>>>>>

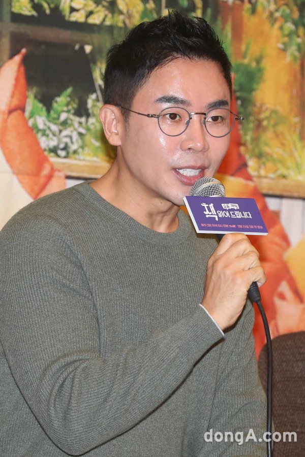 설민석이 23일 오전 서울 마포구 스탠포드호텔에서 열린 tvN 예능 프로그램 \'요즘 책방: 책 읽어드립니다\' 제작발표회에 인사말을 하고 있다.
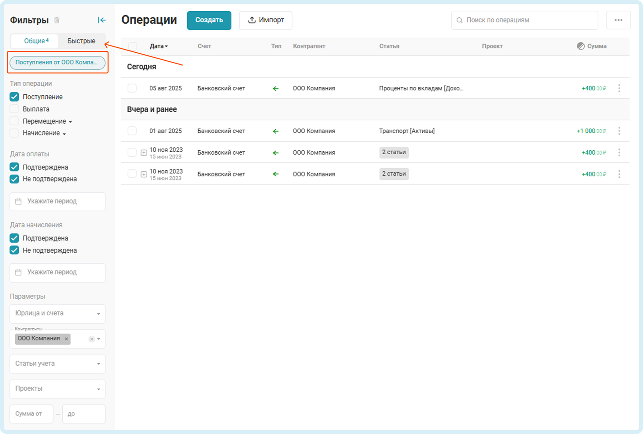 При работе с фильтром помните о том, что если заданным условиям удовлетворяют только части операции, то ПланФакт выведет платеж целиком со всеми его частями:
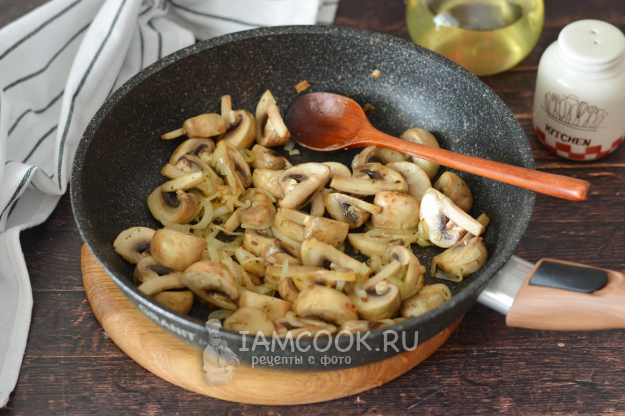 А теперь прибавьте нагрев и выложите в сковороду кусочки шампиньонов. Обжаривайте их 5-7 минут, до появления первых румяных бочков. Сильно зажаривать не нужно и готовить долго тоже не нужно, шампиньоны должны остаться хрустящими.
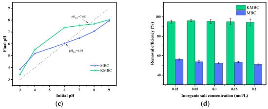 Given the high salinity characteristic of dyeing wastewater and the limited research on the influence of salinity on biochar-pollutant interactions, this study examined the effects of common inorganic salts (NaCl) found in dye wastewater on the adsorption of MG by MBC and KMBC. As shown in Figure 4d, when the salt concentration was 0.02, 0.05, 0.10, 0.15, and 0.2 mol/L, the variation in the removal rate of MG by KMBC was less than 3.2% and that by MBC was less than 15%. This indicates that the removal efficiency of MG by KMBC is not significantly affected in saline environments, confirming their salt tolerance.
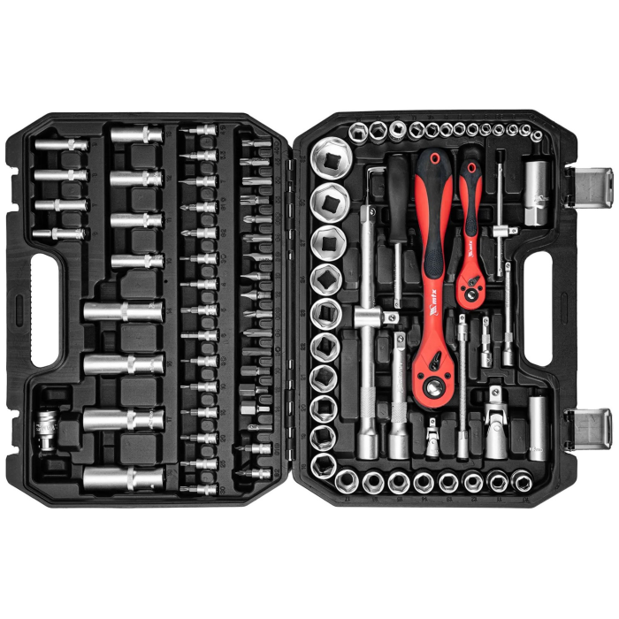 - Durability and wear resistance: The components of the set are made from chrome-vanadium steel, and the housing of each ratchet features a protective coating.
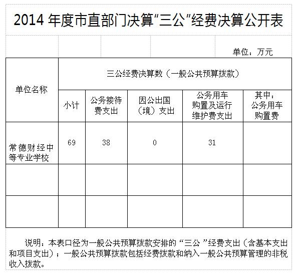 常德财经中等专业学校2014年度市直部门决算“三公”经费决算公开表
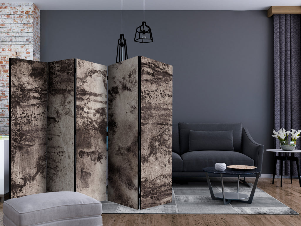 Het decoratieve vouwscherm "Vouwscherm - Old Metal II [Room Dividers]" past uitzonderlijk mooi in een modern interieur. Het houten tweezijdig bedrukte vouwscherm geeft niet alleen een mooie opdeling van een ruimte maar geeft ook een fantastische flair aan uw interieur. De perfectie uitvoering en het originele motief in full HD uitvoering zorgen ervoor dat de kamervouwschermen iedere ruimte een originele charme verschaffen. Een prachtig kamervouwscherm is een zeer originele versiering en kan bijvoorbeeld prima worden toegepast in woningen of dienstruimten. (kapsalon, dokterskliniek, administratiekantoor etc)
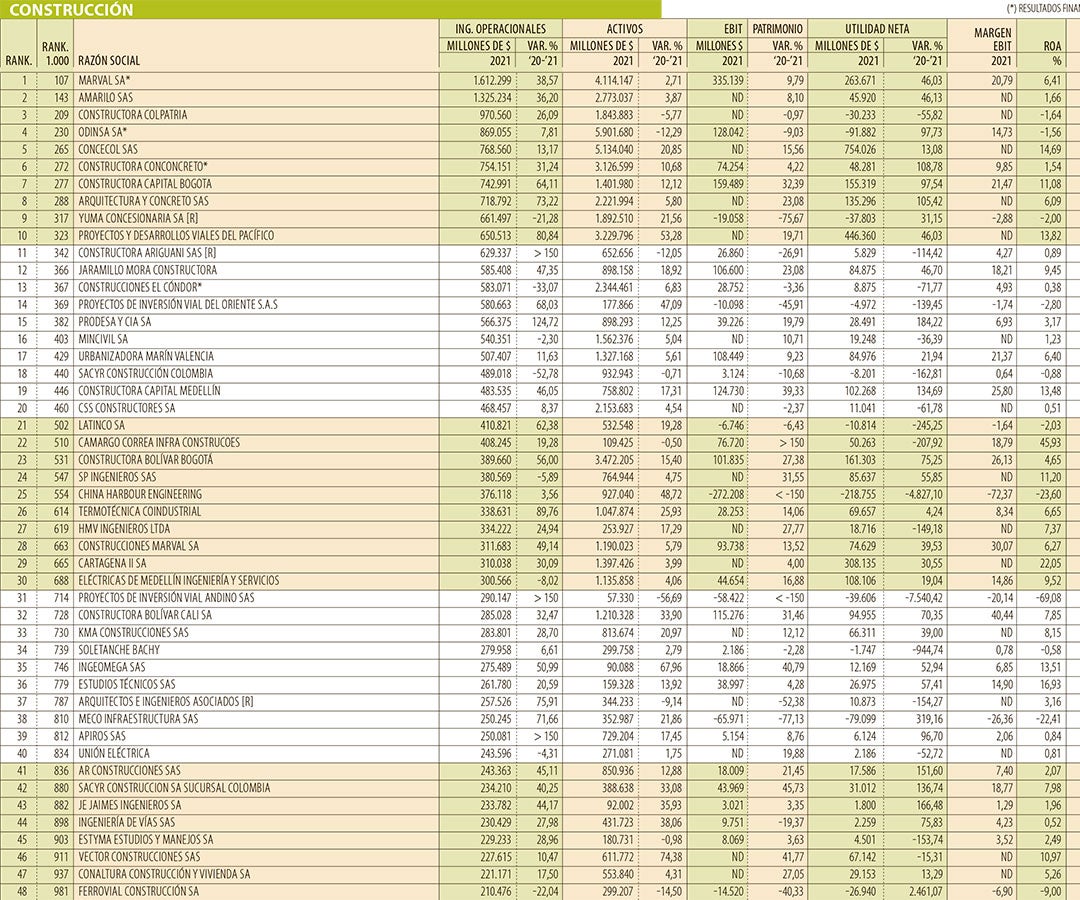 Por ingresos operacionales de las empresas, las de construcción tienen 2,2% del total y lograron una variación de 15,2% frente al año anterior. De esta forma volvieron a la cifra de 2019, ya que en 2020 registraron $17,7 billones. Las empresas que lideran el top cinco son: Marval, Amarilo, Constructora Colpatria, Odinsa y Concecol.
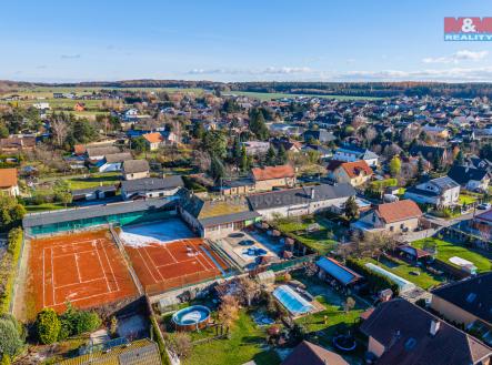 Prodej víceúčelového areálu s velkým investičním potenciálem – Babice u Říčan (2 930 m2) Jedinečná příležitost pro investory, sportovní nadšence i podnikatele v oblasti ubytování a gastronomie! Nabízíme k prodeji rozsáhlý areál o celkové výměře cca 3 000 m2, který spojuje ubytování, restauraci, sportovní zázemí a rodinné bydlení. Areál zahrnuje: Rodinný dům se zahradou – užitná plocha cca 191 m2 Ubytovací objekt – apartmán 1+kk v přízemí, 3 pokoje se sociálním zařízením v patře, celkem cca 129 m2 Restaurace s venkovním posezením, salónkem, apartmánem a dalším ubytováním (3 pokoje, společná místnost, sociální zařízení) – celkem cca 449 m2 Dva antukové tenisové kurty – s odvodňovacími kanálky, zavlažovacím systémem s čerpadly a vybavením pro míčové sporty. Vlastní parkoviště pro hosty i obyvatele Celková podlahová plocha budov: cca 769 m2 Celková plocha pozemku: cca 3 000 m2 Tato investiční p
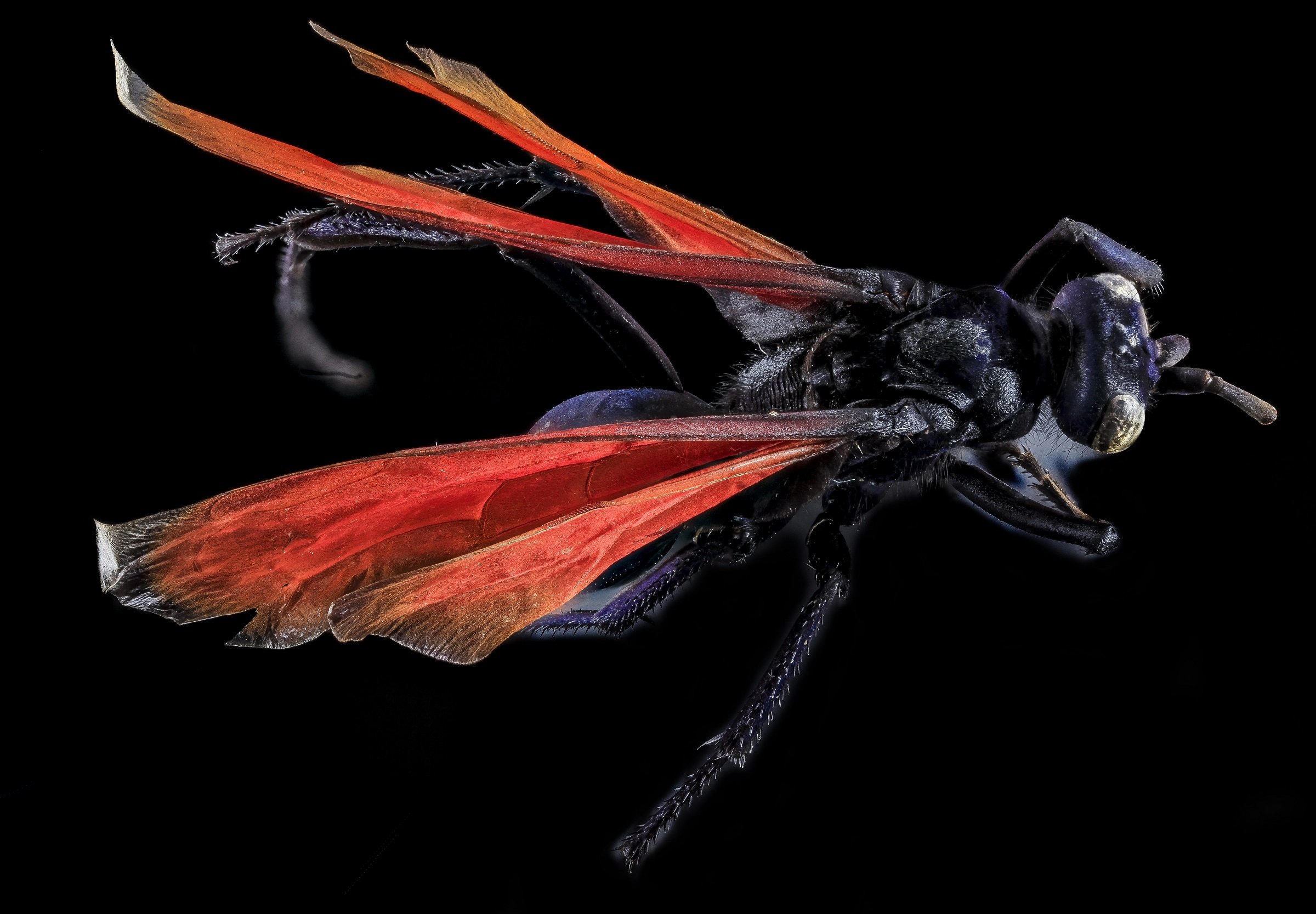 Летучее насекомое с черно красными крыльями

<<<<<

### TASK TO COMPLETE
Give the listing again word for word, but drop every picture.

### WORKED SOLUTION
 설민석이 23일 오전 서울 마포구 스탠포드호텔에서 열린 tvN 예능 프로그램 \'요즘 책방: 책 읽어드립니다\' 제작발표회에 인사말을 하고 있다.
 При работе с фильтром помните о том, что если заданным условиям удовлетворяют только части операции, то ПланФакт выведет платеж целиком со всеми его частями:
 А теперь прибавьте нагрев и выложите в сковороду кусочки шампиньонов. Обжаривайте их 5-7 минут, до появления первых румяных бочков. Сильно зажаривать не нужно и готовить долго тоже не нужно, шампиньоны должны остаться хрустящими.
 Given the high salinity characteristic of dyeing wastewater and the limited research on the influence of salinity on biochar-pollutant interactions, this study examined the effects of common inorganic salts (NaCl) found in dye wastewater on the adsorption of MG by MBC and KMBC. As shown in Figure 4d, when the salt concentration was 0.02, 0.05, 0.10, 0.15, and 0.2 mol/L, the variation in the removal rate of MG by KMBC was less than 3.2% and that by MBC was less than 15%. This indicates that the removal efficiency of MG by KMBC is not significantly affected in saline environments, confirming their salt tolerance.
 - Durability and wear resistance: The components of the set are made from chrome-vanadium steel, and the housing of each ratchet features a protective coating.
 常德财经中等专业学校2014年度市直部门决算“三公”经费决算公开表
 Het decoratieve vouwscherm "Vouwscherm - Old Metal II [Room Dividers]" past uitzonderlijk mooi in een modern interieur. Het houten tweezijdig bedrukte vouwscherm geeft niet alleen een mooie opdeling van een ruimte maar geeft ook een fantastische flair aan uw interieur. De perfectie uitvoering en het originele motief in full HD uitvoering zorgen ervoor dat de kamervouwschermen iedere ruimte een originele charme verschaffen. Een prachtig kamervouwscherm is een zeer originele versiering en kan bijvoorbeeld prima worden toegepast in woningen of dienstruimten. (kapsalon, dokterskliniek, administratiekantoor etc)
 Por ingresos operacionales de las empresas, las de construcción tienen 2,2% del total y lograron una variación de 15,2% frente al año anterior. De esta forma volvieron a la cifra de 2019, ya que en 2020 registraron $17,7 billones. Las empresas que lideran el top cinco son: Marval, Amarilo, Constructora Colpatria, Odinsa y Concecol.
 Prodej víceúčelového areálu s velkým investičním potenciálem – Babice u Říčan (2 930 m2) Jedinečná příležitost pro investory, sportovní nadšence i podnikatele v oblasti ubytování a gastronomie! Nabízíme k prodeji rozsáhlý areál o celkové výměře cca 3 000 m2, který spojuje ubytování, restauraci, sportovní zázemí a rodinné bydlení. Areál zahrnuje: Rodinný dům se zahradou – užitná plocha cca 191 m2 Ubytovací objekt – apartmán 1+kk v přízemí, 3 pokoje se sociálním zařízením v patře, celkem cca 129 m2 Restaurace s venkovním posezením, salónkem, apartmánem a dalším ubytováním (3 pokoje, společná místnost, sociální zařízení) – celkem cca 449 m2 Dva antukové tenisové kurty – s odvodňovacími kanálky, zavlažovacím systémem s čerpadly a vybavením pro míčové sporty. Vlastní parkoviště pro hosty i obyvatele Celková podlahová plocha budov: cca 769 m2 Celková plocha pozemku: cca 3 000 m2 Tato investiční p
 Летучее насекомое с черно красными крыльями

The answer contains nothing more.